# Hair dryer causing dimming of lights in multiple rooms



## xuandu (Feb 4, 2018)

some funny stuff happening with my above-garage apartment and trying to figure out what's going on. note that i've had a certified electrician come out and have a look and he was not able to conclude anything specific, but did confirm that he doesn't see any loose wires anywhere and breaker box/circuit all look fine.

*disclaimer: i'm just a home owner learning things as i go/talk to others, not tons of electrical knowledge at all... more logic/reasoning trying to deduce the problem*

*the issue*: whenever the hairdryer is turned on (in bathroom gfci outlet), there is very noticeable dimming of LED canned lights as well as normal light above bathroom mirror. some funny things...


lights dim more based on hair blow dryer setting (cold air -> low heat -> high heat cause increased dimming as well as low power -> high power)
hair blow dryer used is 1875 watts (i also tested another blow dryer which is also 1875 watts to isolate the issue, same results regardless of which blow dryer)
all lights tested are fairly new LED recessed canned lights
when tested in bathroom, bathroom and living room lights dim very noticeably while bedroom dims slightly and don't know what kitchen lights were doing (same for when testing in living room)
when tested in bedroom, bedroom lights dim very noticeably while bathroom/living room lights only dim slightly and i don't know what kitchen lights were doing
when tested in kitchen, oddly the kitchen and bathroom lights were dimming very noticeably but not living room/bedroom
when tested on fridge plug in kitchen (different from rest of kitchen), the living room lights dimmed very noticeably but only slightly in all other rooms

i've read other older threads on this/other forums and would like to likely eliminate loose wires (electrician checked already). i've read some people mention possible loose neutral which i'm not fully sure what that is, but since there is some light dimming (even though it's different rooms depending on plug) on every plug in the house i tested on (at least 10), then it sounded like this wouldn't be the issue. 

not sure if hired electrician is fully knowledgeable so would love to get other ideas if anyone has them for either myself to try or another/same hired electrician to try. thanks in advance!


----------



## jmon (Nov 5, 2012)

Hair blowers do stress out the circuit no doubt. Not really a problem unless you keep tripping breakers or blowing fuses. That can create an overheating issue and possible fire hazard.

You didn't mentioned how old the house is. If it's an older house, they probably wired outlets and lights together on one breaker. Causing ur issue. 

We all know this is wrong today. All newer or rewired houses wire outlets and lights separately on there own circuit.

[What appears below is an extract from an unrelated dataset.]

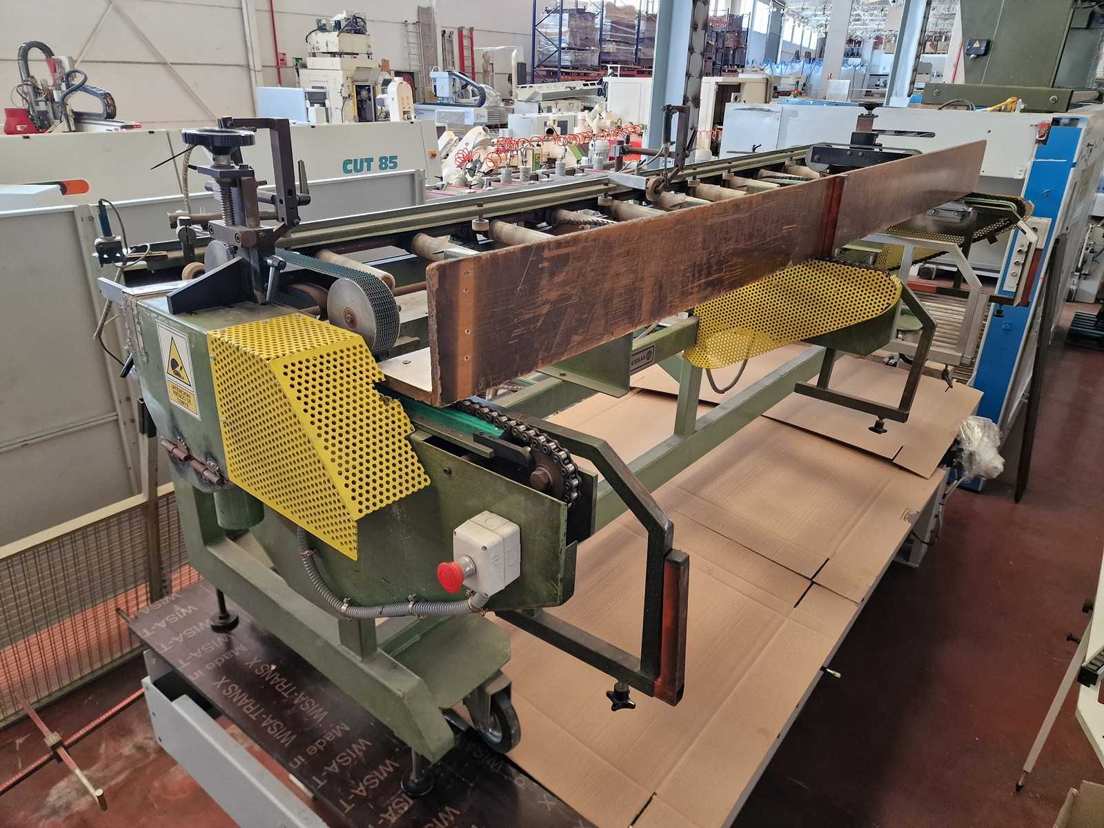 Технические данные: Сделать: Moehringer Длина: 1900 мм Ширина: 60 мм - Хорошее состояние - Используется для транспортировки паркетных фризов - Чаевые стул и регулируемый держатель стебля Фотографии и дополнительная информация по запросу

I would get a qualified electrician to evaluate your wiring for current standards. Just a suggestion.


----------



## xuandu (Feb 4, 2018)

@jmon, thanks for your feedback. house is old... built in 1932 but whole garage apartment was rewired not long before we purchased the house just over a year ago (since much of the wood of the garage apartment had rotted so they had to repair much of that, so decided to rewire and replumb that whole detached building). i would think since it was rewired within the past few years that it should be updated to more recent standards, but can't say for certain. 

breakers don't trip and fuses not blown, so that's good but the issue is that the same blow dryer that works fine in the main house (high heat, high power) is considerably slower (lights dim and blow dryer seems like it's running with less energy than even the low power setting even though it's set on high), so that's the concern. 

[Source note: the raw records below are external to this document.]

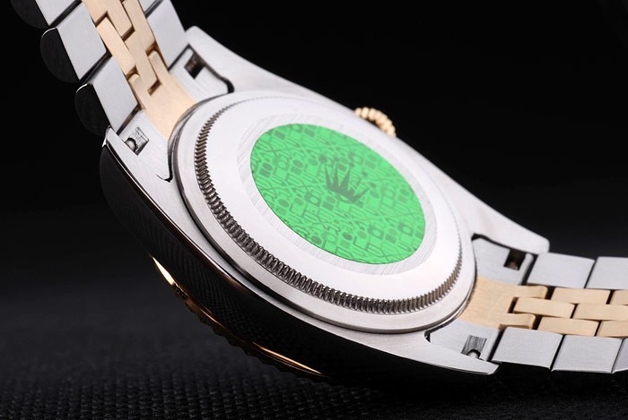 Powrót: obudowa ze stali nierdzewnej z tyłu z zielonym znaczkiem logo Rolex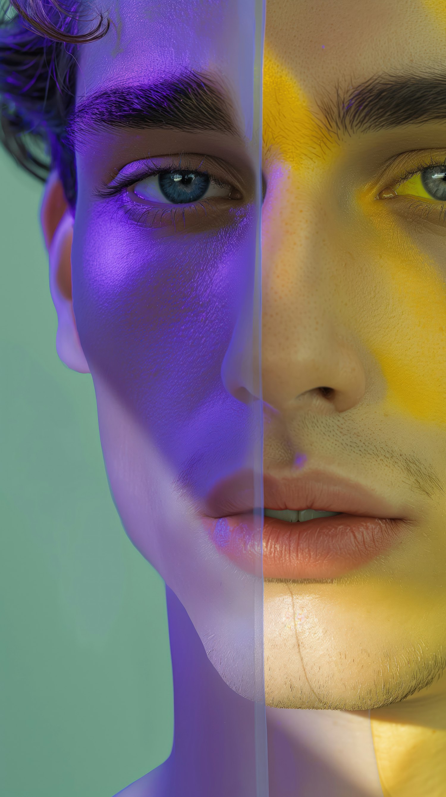 Blurred face with dark brown wavy hair, light skin tone, against a green and purple gradient background with warm lighting.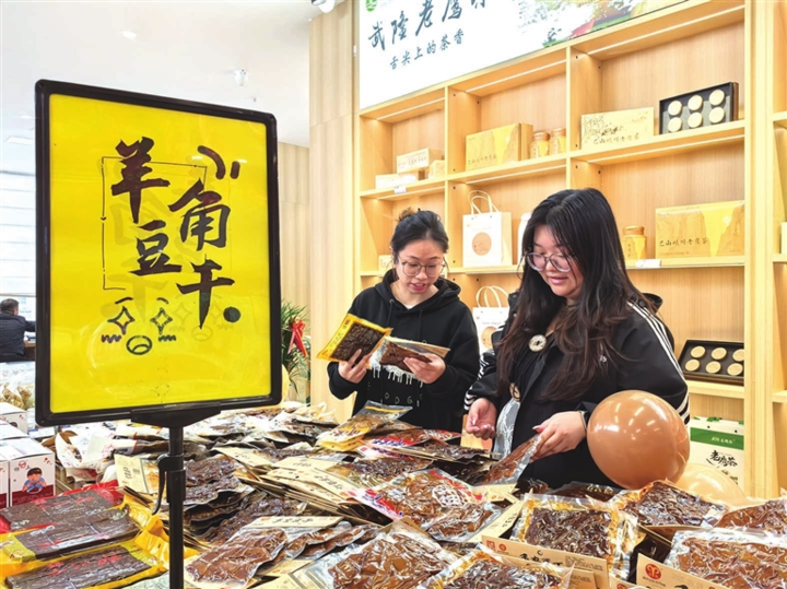 “目前,我们店里面有500多种产品,初级农产品有苕粉、干笋子、洋芋果等,特色农副产品不仅有高山茶、老鹰茶,还有羊角豆干、碗碗羊肉、面条、蜂蜜等,我们也会根据季节的变化,筛选本地的其他产品,比如说当地的时令水果。同时,我们也会精选大重庆的一些特色产品,以此来满足来武游客以及本地居民的选购需求。”武隆农特产品体验馆负责人陈峙屹表示。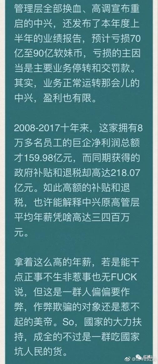 中兴被禁售,原因瓜友都知道,是违反了美帝对伊出口禁令,偷偷向伊出口了配备有被列为禁售品的美产芯片的通讯设备。这种行为叫做什么呢?叫做作弊。当初中兴的作弊行为被查出,为此付出了罚款8.9亿美元的惨重的代价。但中兴上上下下一脸嘻嘻哈哈,没把处罚的附加条款当回事,继续作弊,楞给处罚名单上的35名员工发了年终奖。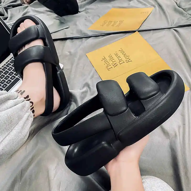 Шлепанцы на платформе для мужчин и женщин, сандалии из кожи, Нескользящие, обувь для пляжа и тенниса, увеличивающие рост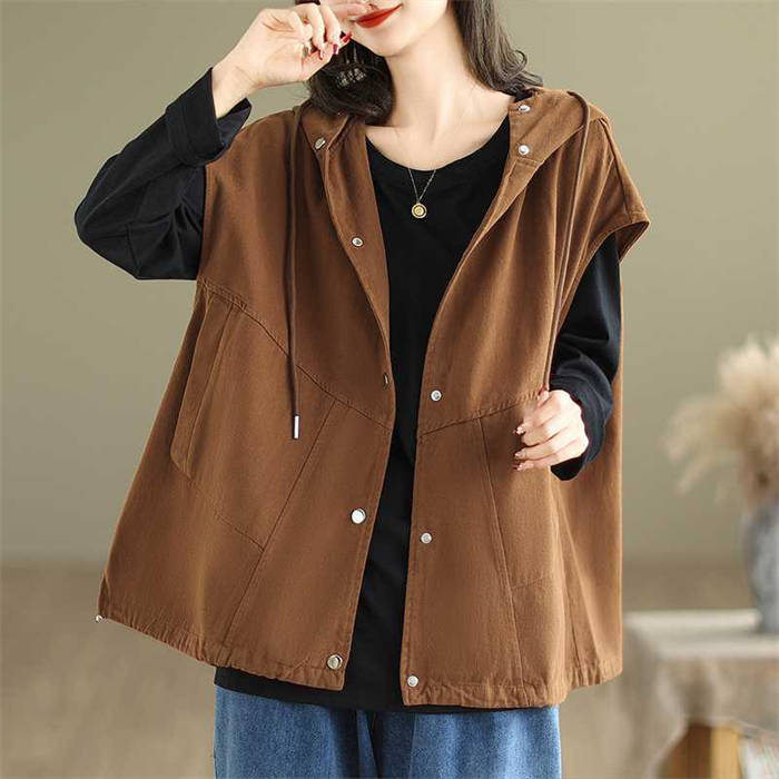 フード付きベスト レディース 春秋 着

i just ordered a voltmeter to do some more testing to watch what happens on different outlets in the garage apartment with blow dryer on and then the same for in the main house to see what's different so i can tell the next electrician other things i've done to troubleshoot.

thanks!


----------



## Guap0_ (Dec 2, 2017)

Do the lights only dim when the hair dryer is used on that outlet? What else is on that circuit?


----------



## dmxtothemax (Oct 26, 2010)

This is a classic sign of a current limit !
Two things cause this 
1 - A local electrical grid struggling to supply demand.
2 - Wiring system faulty or just too small to carry the current
that you are asking it for !
Check that all splices are in good condition.
Check that all cables are of adequate size.

Being an old house it could be a combination of old wiring,
And just too much trying to be put thru inadequate size conductors.

:vs_cool:


----------



## tstex (Nov 14, 2014)

quote by OP:

"i would think since it was rewired within the past few years that it should be updated to more recent standards, but can't say for certain."

You cannot assume anything. other than not assume.

Go to the main panel and see if there looks like any new breakers were installed after the "re-wiring", and determine if those new breakers are in addition to what was there before the install? You're trying to see if new circuits were added other than just new wiring and the same breakers or new breakers? New wiring doesn't mean additional new homeruns in addition to what was already there and that was upgraded too. 

Are there any recent work-orders from an electrician that states what they did and a SOW ?

Bottom-line, no matter what you have on a circuit and anything else that draws some amps [hair dryer, microwave, power tool, etc], if lights dim, the circuit is inadequate to handle the additional load. You are exceeding the 80% recommended limit and if you plugged in 2 hair dryers, you'd probably trip the circuit/breaker. 

As stated, kitchens and bathroom are all GFCI's. If there isn't one, good chance it would be tripping.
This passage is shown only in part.